I don’t say anything about it to Mom and Dad, because I don’t think I’m supposed to know. Adults think kids are so dumb. Unobservant, that’s what they think I am. Bet they don’t even know I know that word. I have a lot of time to read, hiding in the basement all day, and I learn all kinds of words.

For instance, I learned that another thing you can call a zombie is a revenant, which means somebody who comes back from the dead.  You’d think that would be a good thing, since you’d get to see family and friends you haven’t seen in a while, with them not being alive and all.  But when the dead people started coming back, they didn’t want friends anymore.  They just wanted dinner.

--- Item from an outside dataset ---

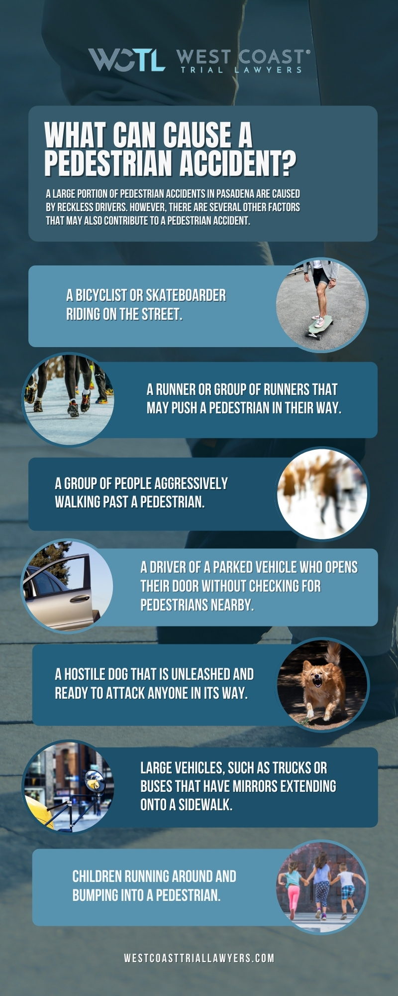 A large portion of pedestrian accidents in Pasadena are caused by reckless drivers. However, there are several other factors that may also contribute to a pedestrian accident. This includes the following:

That’s why we live in the basement. The zombies think the house is empty, because nothing ever moves up there, and they can’t hear us or smell us down here. Mom and Dad bought a lot of canned food when the news stories about the zombies started, so we have plenty, at least for now. Mom makes some kind of smoothie for Grandma in the blender every night. I don’t know what’s in it, but it looks nasty, and it smells worse.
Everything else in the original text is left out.